1. PECADOR EN LA INFANCIA Y LA NIÑEZ

Agustín comienza la historia de su vida pecadora con una pregunta retórica: “¿Quién me podrá recordar el pecado de mi infancia?” (L. I, c. VII).

Su pregunta no le parece inútil, ya que nadie está limpio de pecado ante Dios, porque ha sido concebido en pecado, porque los otros niños demuestran lo que cada uno es de niño y ha descubierto niños envidiosos o porque deseaba, llorando, el pecho de su madre.

Agustín se detiene en los pecados de la ‘niñez’, pues ya de esa época tiene recuerdos.

Los pecados concretos que nos narra eran pequeños, casi sin importancia: no estudiar, desobedecer los mandatos de los padres o los maestros, jugar desatendiendo los deberes, mentir, robar cosas de la alacena o la mesa, discutir, envidiar. En todos estos actos, tan veniales, descubre, sin embargo, una cierta intencionalidad muy peligrosa que luego se iría intensificando en las actitudes vitales (Cf. L. I, c. XIX).

Así reconoce que durante la niñez no se guiaba por elegir lo mejor y más conveniente, sino aquello que le resultaba más agradable; se apasionaba a las fábulas, hasta tal punto de descuidar las letras y dedicarse a la gramática y poder así leer las falsas historias.

El niño Agustín se dejaba llevar por un incontrolado viento de triunfo, de sobresalir entre sus compañeros; por una afición desmedida a los espectáculos y juegos de los mayores; ardía en deseos de ser alabado; la alabanza de los demás era el único criterio que tenía para discernir si vivía honestamente. También lo arrastraba la gula.

El punto clave del pecado, en aquel tiempo, lo pone Agustín en esto: “Mas en lo que yo ciertamente pecaba era en buscar no en Él, sino en sus criaturas, en mí mismo y en los demás los deleites, las honras, las verdades. De esta manera caía en dolores, confusiones, errores” (L. I, c. XX). De tal manera que hace este juicio final de su infancia: “De niño, yacía, miserable, en el umbral de tales costumbres..., temía más cometer un barbarismo que cuidaba de no envidiar, si lo cometía, a aquellos que lo habían evitado” (L. I, c. XIX).

2. PECADOR DURANTE LA ADOLESCENCIA

Este período que transcurre entre los catorce y los veintiocho años, es la época en que Agustín vive intensamente una vida de pecado. Durante este tiempo se arraigan los criterios falsos, se habitúa a los caminos errados, da rienda suelta a sus afectos, anda metido en la vorágine de la sexualidad, se ciega por la verdad engañosa, se entrega a la vanidad y el orgullo...

“Quiero ahora recordar las fealdades de mi vida pasada, las corrupciones carnales de mi alma (…) recordando en la amargura de una revivida memoria mis perversos caminos y malas andanzas. (…) Durante algún tiempo de mi adolescencia ardía en el deseo de saciar los más bajos apetitos y me hice como una selva de sombríos amores. Se marchitó mi hermosura y aparecí ante tus ojos como un ser podrido y sólo atento a complacerse a sí mismo y agradar a los demás (L. II, c. I).

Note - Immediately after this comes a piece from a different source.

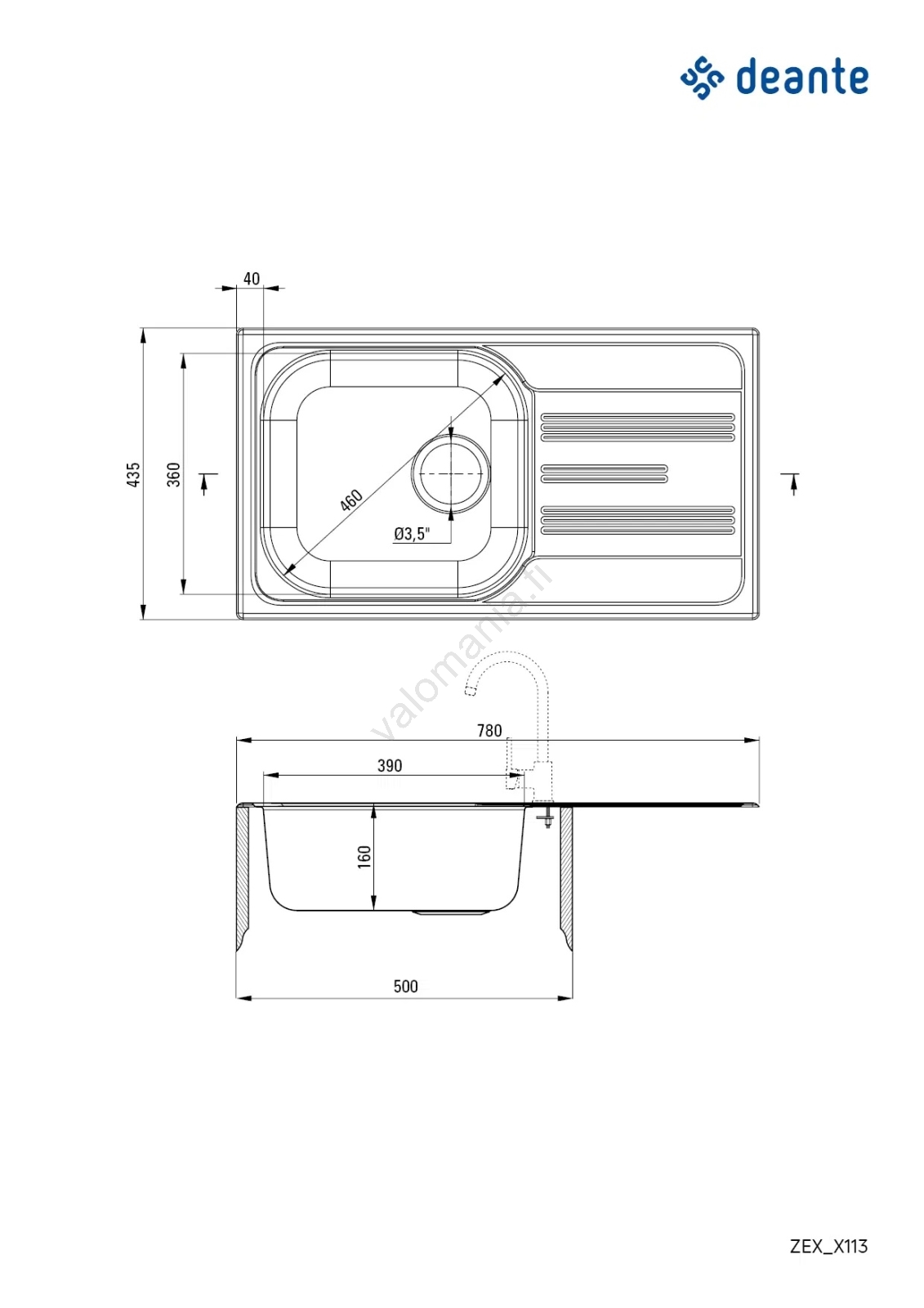 Deante ZEX_0113 - Keittiön pesuallas XYLO 43,5x78 cm satiini | Valomania

Este es el gran período en que Agustín se hunde, encuentra el hambre de la verdad, se afilia al maniqueísmo2, se desilusiona de él, accede al escepticismo3, descubre a Platón y al fin da con la fe católica. Es una etapa apasionante, rica en matices, inabarcable, digna no sólo de la inteligencia de Agustín, sino de su calidad humana. Agustín es mucho más grande por persona que por inteligente.

Este capítulo lo dividiré en partes, según los diversos períodos de esta época.

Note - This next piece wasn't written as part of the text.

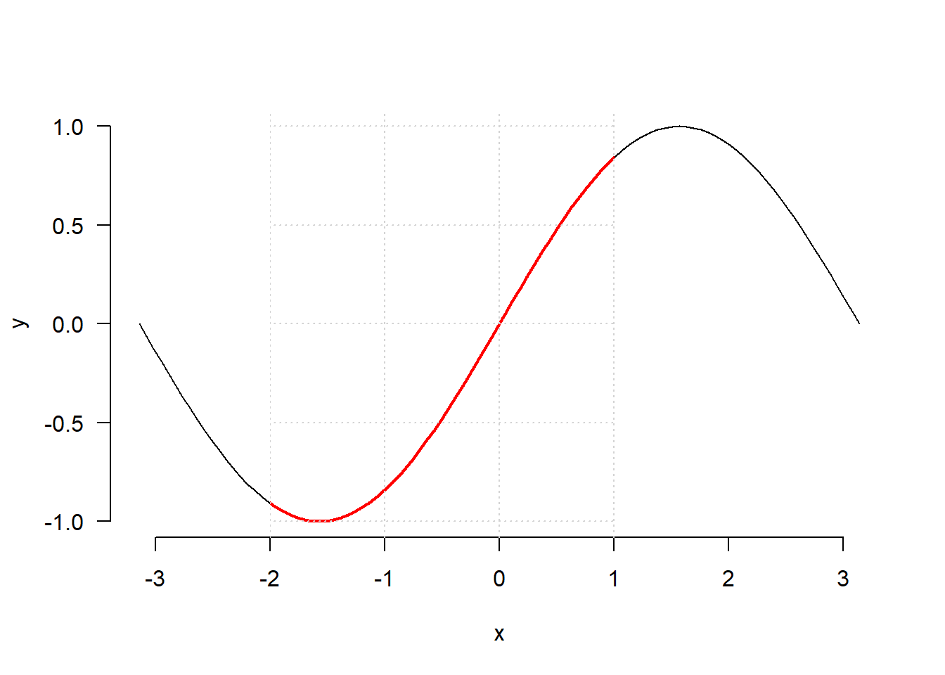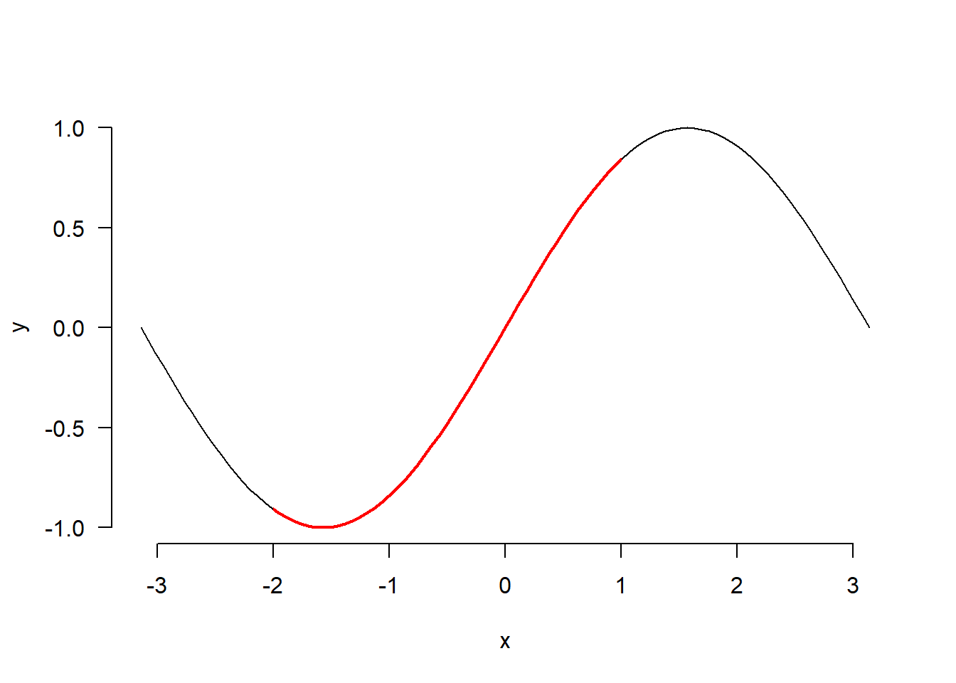 curve(sin, -pi, pi, add = TRUE, col = "red", lwd = 2)

2.1. Primera etapa de su adolescencia (de los 14 a los 18 años)

El punto culminante de esta época coincide con el despertar de la sexualidad, que acontece a los 16 años.

2.1.1. El torbellino de los afectos

Agustín describe de un modo brillante, con toda su fuerza retórica, la confusión que vivió a lo largo de esta época. Los deseos, afectos, las pasiones lo empujaban y llevaban a la deriva. Lo vemos apasionado, tanto para lo malo como para lo bueno. El despertar de su sexualidad coincide con un año que no va a clases. Esta circunstancia no ayudó a sobrellevar el fuego de sus pasiones (Cf. L. II, c. III).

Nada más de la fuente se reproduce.